In his Post-Synodal Apostolic Exhortation, “Amoris Laetitia,” “The Joy of Love,” Pope Francis states, “So great is the value of a human life, and so inalienable the right to life of an innocent child growing in the mother’s womb, that no alleged right to one’s own body can justify a decision to terminate that life, which is an end in itself and which can never be considered the “property” of another human being.” (# 83)

All life is precious and in the spirit of Saint Joseph, to be “welcomed, cherished, and safeguarded.”

But these efforts to “welcome, cherish, and safeguard” human life must never focus solely on the unborn. Pope Francis adds, “The family protects human life in all its stages, including its last. Consequently, ‘those who work in healthcare facilities are reminded of the moral duty of conscientious objection. Similarly, the Church not only feels the urgency to assert the right to a natural death, without aggressive treatment and euthanasia,’ but likewise ‘firmly rejects the death penalty.’” (#83)

Our collective efforts to “welcome, cherish, and safeguard” human life must also extend to pregnant and parenting moms and families in need. Walking with Moms in Need is one clear and tangible way to embrace this effort. As Pope Francis notes, our parishes must aspire to be “islands of mercy in the midst of a sea of indifference.” Together, we must accompany our moms and families in need not just with programs but our presence.

Like Saint Joseph, we are called to be a ministry of presence to those whose life is threatened or diminished. And like Saint Paul, we are bound to be “mindful of the poor” among us, especially those who have no voice, chance, or enough resources. 

But we can do none of this work alone, for we are always dependent on God to lead us on the journey of life. The disciples knew that so well in their ministry because they saw the power of that prayer in the life of Jesus. They needed that intimacy and peace that only prayer can yield. And so, in the Gospel today, after Jesus completes his time of prayer, one of his disciples says, “Lord, teach us to pray just as John taught his disciples.”

Jesus responds by giving the disciples not only a formula that lasts even to this day, but also a relationship with the Father. Implicit within that relationship is the sense that we are all children of the one God, brothers and sisters to each other.

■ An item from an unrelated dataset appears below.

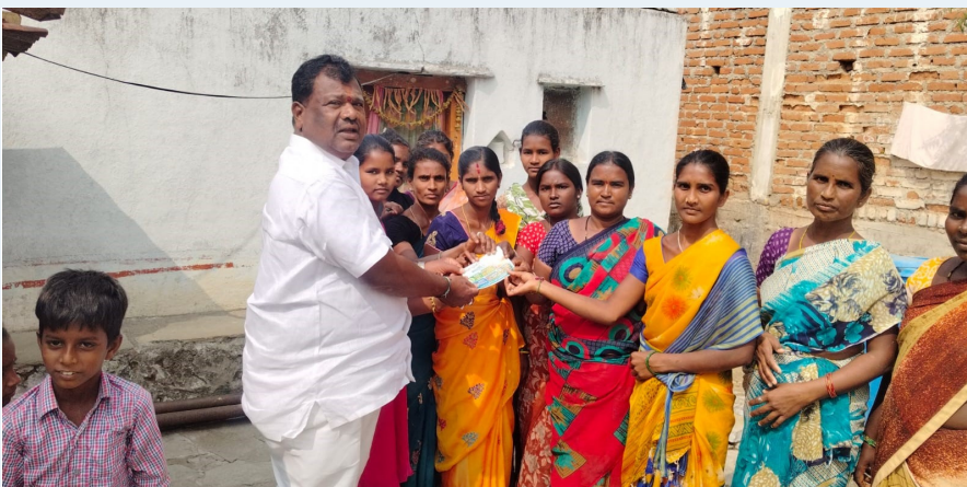
ఆంధోల్ ప్రతినిధి జనవరి 31

Despite the sharp and painful differences that divide us not just on the issues of life but so much more, if we are truly proponents and advocates of life, and if we seek to be like Saint Joseph and Saint Paul, we cannot judge or disregard the life of those who think differently than us. We cannot dismiss the fact that God created them too. They are life, too.  

At the same time, we must never hesitate to take these individuals and the differences that are ours to prayer, asking the Father “to lead us not into temptation, but to deliver us from evil. Amen.” And we must never stop beholding the example and intercession of our universal patron, Saint Joseph, who “welcomed, cherished, and safeguarded” life.

May the Eucharist we receive today empower us to continue our march forward to “welcome, cherish, and safeguard” life always with a heart for the poor, especially the unborn and moms and families in need with a firm commitment to prayer to the One God in whom we are all brothers and sisters.